Shah took a deep breath and closed his eyes.

… He saw the hawks again: circling with drawn claws, as they had been that sunlit morning in Doctor Nayak’s home above the Cooperage, locked in battle, the most beautiful creatures on a beautiful earth.

The hawks faded away, and he saw an island in the Arabian Sea – saw it as he had once, years ago, on a return flight from London which was held up by congestion at the airport and flew in circles: down there, the city in sunlight seemed like a postage stamp struck in silver, precise and shining and so easy to comprehend. He saw it all, from Juhu to Nariman Point: Bombay, the Jewel in the Jewel in the Crown. He saw south Bombay and Colaba: so closely packed with mirror-clad buildings that the land glittered. He saw Chowpatty beach; the two green ovals of the cricket stadia; the Air India building and the Express building behind, and the towers of Cuffe Parade…

The plane turned to the right. Now he saw the city dramatically walled in by green-red cliffs and plateaux. The air on one side of the cliffs was dark blue and dense; on the other, it was clear. If a man crossed those cliffs, he would find clean air – he would breathe.

The mucus in his chest rumbled. It voted for the clean side of the cliffs.

Dharmen Shah moved the plane back to the dirty side of the cliffs.

The plane was over Vakola now. He saw his Shanghai, most silver among the silver towers; and next to it another Shah tower; and next to it…

His diseased body began to move, despite the radiologist’s orders, on the cold bench, seizing more square inches for itself, dreaming, even here, of reclamation and warm space.

There had been another terrorist threat to the city, and the metal detector at the entrance to the Infiniti Mall in Andheri (West), installed months ago and left inactive ever since, was turned on at last.

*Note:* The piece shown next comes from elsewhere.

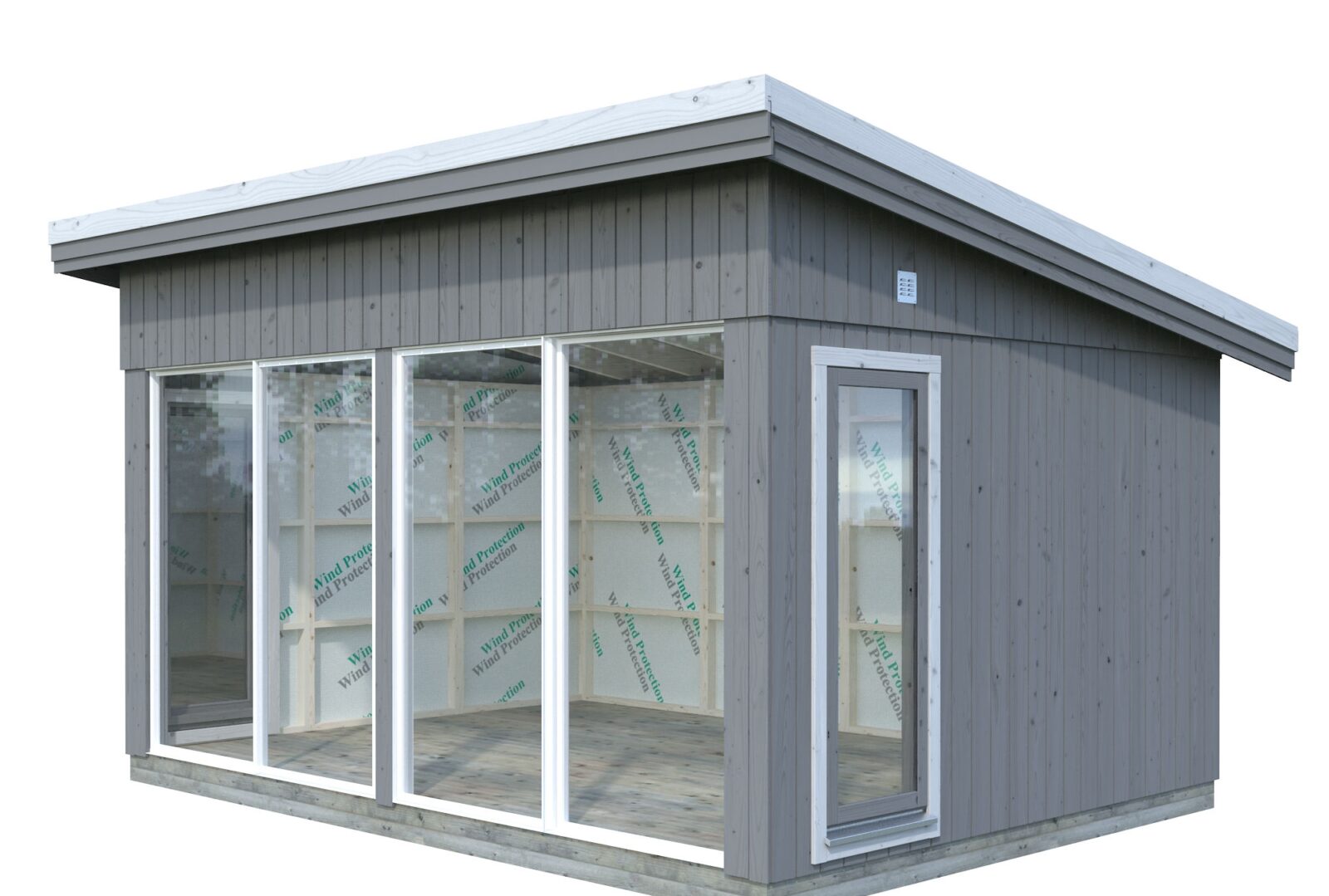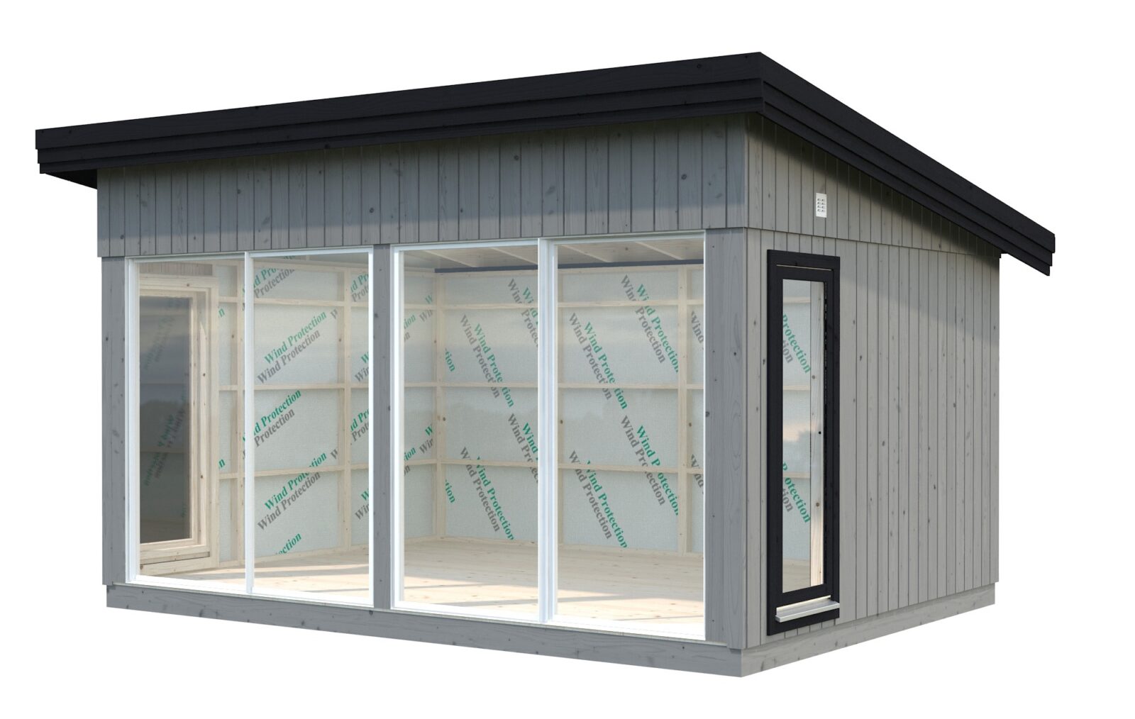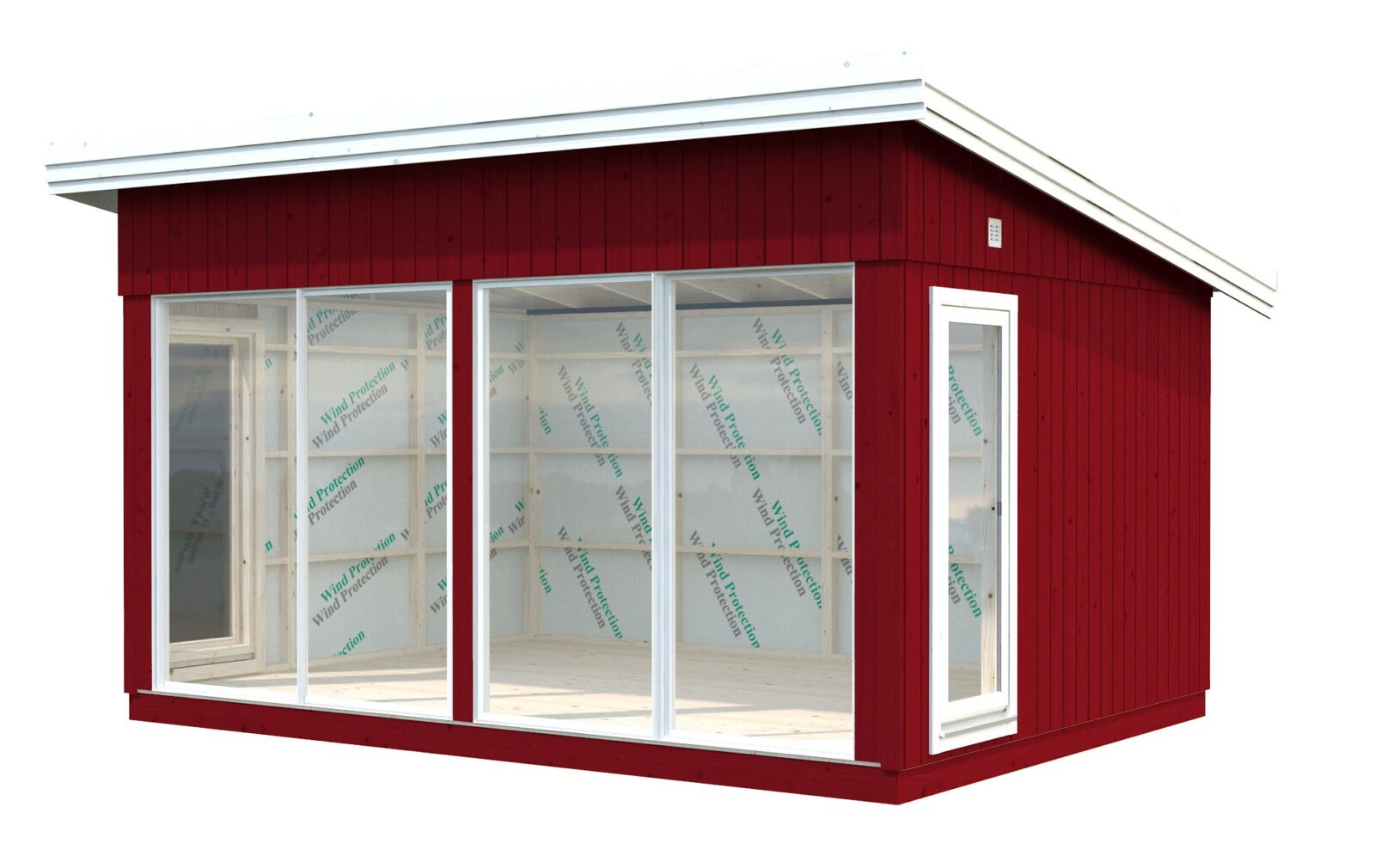 - muovirunkoiset ikkunat 66 x 174 cm 2 kpl ja liukuovet 201 x 203 cm 2 kpl lämpölaseilla(erillinen malli ilman ovia ja ikkunoita Annabel KIT); liukuovien seinäelementtejä ei ole mahdollista asentaa päätyseiniin

It responded with such enthusiasm – beeping three times for each person – that every man and woman entering the mall became a high-risk terrorist threat. A quick frisking and opening of bags restored their name and good reputation, allowing them to ride the escalator to the Big Bazaar supermarket on the first floor, or the Landmark Book Store on the second.

‘Thirty-six rupees for a plate of bhelpuri!’

Mr Kothari, the former Secretary of Vishram Society Tower A, sat down at a table in the atrium of the food court with a heaped plate of bhelpuri. Tinku, holding his plate in one hand, pulled a chair from an adjacent table and joined his father.

‘It is a mall, Father, what do you expect?’ He began to scoop the food into him.

‘This place used to be just birds and trees.’ Kothari looked about the atrium. ‘Andheri.’

As if conjured by his nostalgia, a few sparrows flew into the food court.

His mouth full of puffed rice and diced onion, Tinku gaped.

‘Look who’s here, Father.’

‘Who? Oh, ignore them. Keep eating.’

‘Father, they’re coming here.’

‘A man can’t even enjoy his bhelpuri. Which he’s paid thirty-six…’

A piece of tomato slipped out of Kothari’s mouth as he smiled; he sucked it back in.

‘Forgotten your old neighbours already, haven’t you?’ Ibrahim Kudwa asked, as he came up to their table with little Mariam in his arms; Mumtaz, following him, was carrying two shopping bags. Kudwa dragged a metal chair over to their table.

‘I was just telling Tinku it was time to give you a call – when look who turns up.’

‘You’re looking good, son.’ Kudwa patted Tinku on the back. ‘Healthy.’

The fat boy winced: he knew what this meant.

As Kothari petted Mariam’s cheeks, her father asked: ‘Where do you live these days?’

‘Right here. Andheri West.’

‘But…’ Kudwa frowned. ‘… there are no flamingoes in Andheri West.’